Suppose $\models_A \exists x_1 \cdots \exists x_n \theta[s]$. Then, there are some $d_1, d_1, \ldots, d_n \in |A|$ such that $\models_A \theta[s(x_1|d_1)(x_2|d_2) \ldots (x_n |d_n)]$. By homomorphism theorem, we have $\models_A \theta[s]$ iff $\models_B\theta[i \circ s]$. Therefore, $\models_B \theta[s(x_1|d_1)(x_2|d_2) \ldots (x_n |d_n)]$ for $d_1, d_1, \ldots, d_n \in |B|$, i.e., $\models_B \exists x_1 \cdots \exists x_n \theta[s]$.

Now, to prove,
"If $\models_B \phi[s]$ and $\phi$ is universal, then $\models_A \phi[s]$".

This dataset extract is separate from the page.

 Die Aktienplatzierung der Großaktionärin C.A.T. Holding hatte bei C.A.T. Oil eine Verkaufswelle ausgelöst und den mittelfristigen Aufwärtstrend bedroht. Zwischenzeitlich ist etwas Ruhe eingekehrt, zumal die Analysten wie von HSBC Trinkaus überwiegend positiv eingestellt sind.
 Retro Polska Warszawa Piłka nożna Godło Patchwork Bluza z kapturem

For any $d_1, d_2, \ldots, d_n \in B$, we have
$\models_B \theta[s(x_1|d_1)(x_2|d_2) \ldots (x_n |d_n)]$ by assumption. If $d_1, d_2, \ldots, d_n$ in $|B|$ are also in $|A|$, then I may use the similar method to the above. But it does not look O.K to assume $d_1, d_2, \ldots, d_n \in |A|$ as well.

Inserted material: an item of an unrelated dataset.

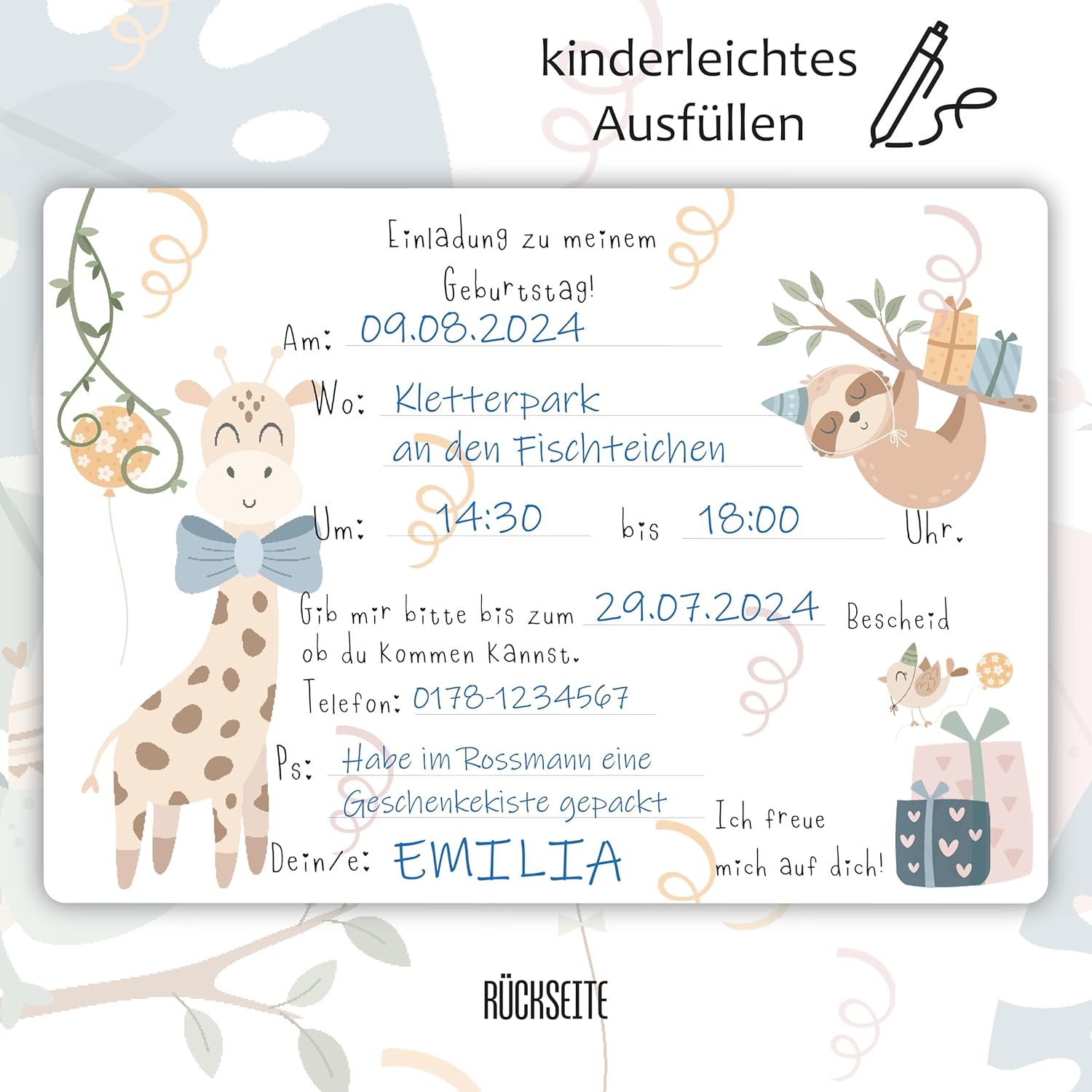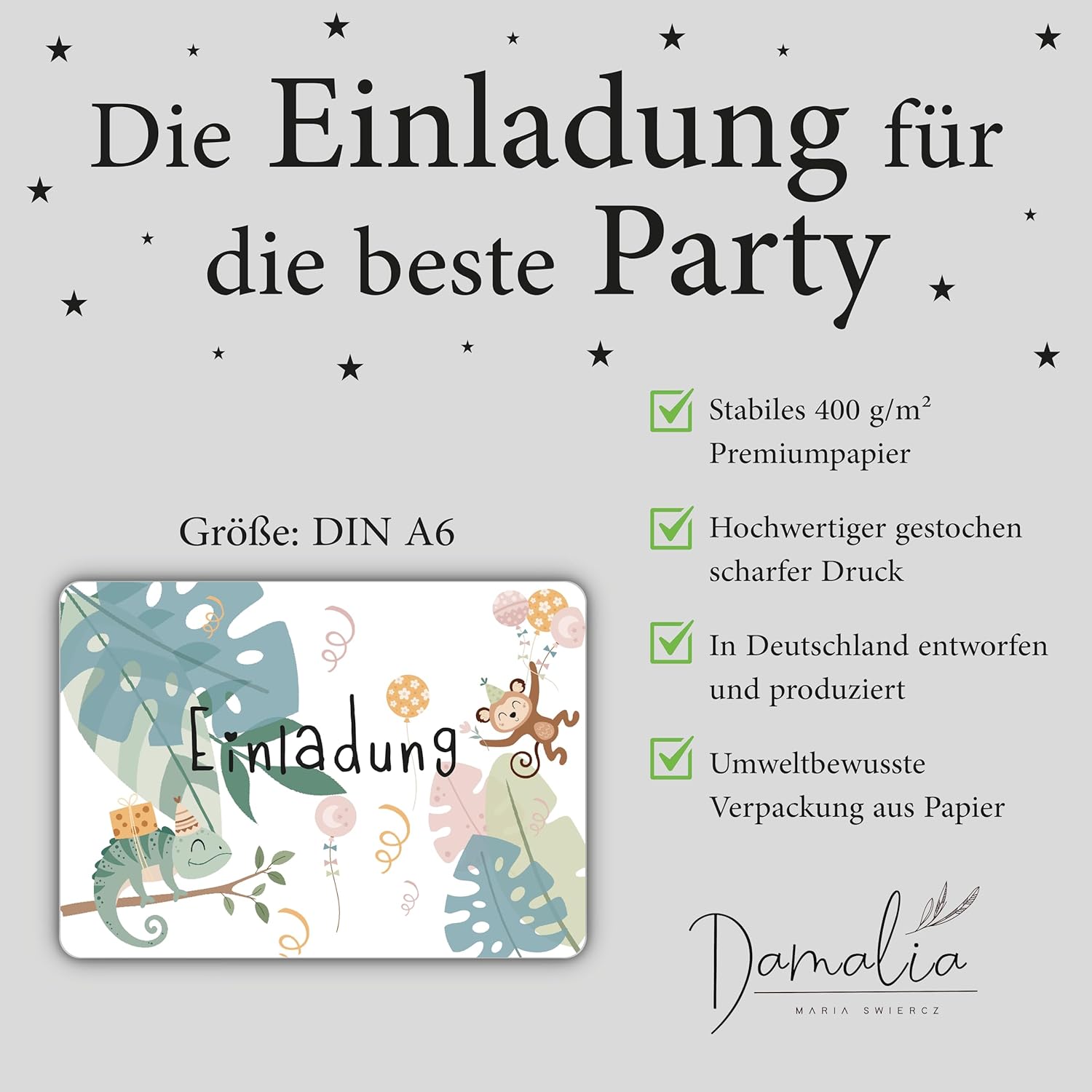 12 biglietti di invito, stampati in formato DIN A6. Tutti i nostri disegni di carte sono progettati da soli. Facile da compilare: il festeggiato può compilare facilmente i propri biglietti d'invito grazie ai campi indicati sul retro. Prodotto in Germania: i nostri biglietti d'invito sono particolarmente resistenti e di alta qualità, da 400 g/m², quindi possono essere distribuiti senza buste.

Any help will be appreciated.

2. ## Re: Fol 12

Originally Posted by logics
(a) Since $A$ is a substructure of $B$, we have an identity map $i$ from $A$ into $B$.
Rather, the identity map is a homomorphism.

Originally Posted by logics
Suppose $\models_A \exists x_1 \cdots \exists x_n \theta[s]$. Then, there are some $d_1, d_1, \ldots, d_n \in |A|$ such that $\models_A \theta[s(x_1|d_1)(x_2|d_2) \ldots (x_n |d_n)]$. By homomorphism theorem, we have $\models_A \theta[s]$ iff $\models_B\theta[i \circ s]$. Therefore, $\models_B \theta[s(x_1|d_1)(x_2|d_2) \ldots (x_n |d_n)]$ for $d_1, d_1, \ldots, d_n \in |B|$, i.e., $\models_B \exists x_1 \cdots \exists x_n \theta[s]$.
This makes sense.

Originally Posted by logics
Now, to prove,
"If $\models_B \phi[s]$ and $\phi$ is universal, then $\models_A \phi[s]$".

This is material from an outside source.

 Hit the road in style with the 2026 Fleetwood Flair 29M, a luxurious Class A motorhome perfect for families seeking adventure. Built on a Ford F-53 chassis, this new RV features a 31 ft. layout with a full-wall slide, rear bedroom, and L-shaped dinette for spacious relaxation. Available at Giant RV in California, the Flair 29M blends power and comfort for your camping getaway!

For any $d_1, d_2, \ldots, d_n \in B$, we have
$\models_B \theta[s(x_1|d_1)(x_2|d_2) \ldots (x_n |d_n)]$ by assumption. If $d_1, d_2, \ldots, d_n$ in $|B|$ are also in $|A|$, then I may use the similar method to the above. But it does not look O.K to assume $d_1, d_2, \ldots, d_n \in |A|$ as well.
You should start proving this statement as you would any other universal statement. Namely, one proves "for all x, P(x)" by fixing an arbitrary x and showing P(x). Here $\models_A \phi[s]$ is such a universal statement. By this I don't mean that $\phi$ is a string of characters that starts with $\forall$; rather, I mean that the whole claim $\models_A \phi[s]$, when you unfold some definitions, starts with the words "for all."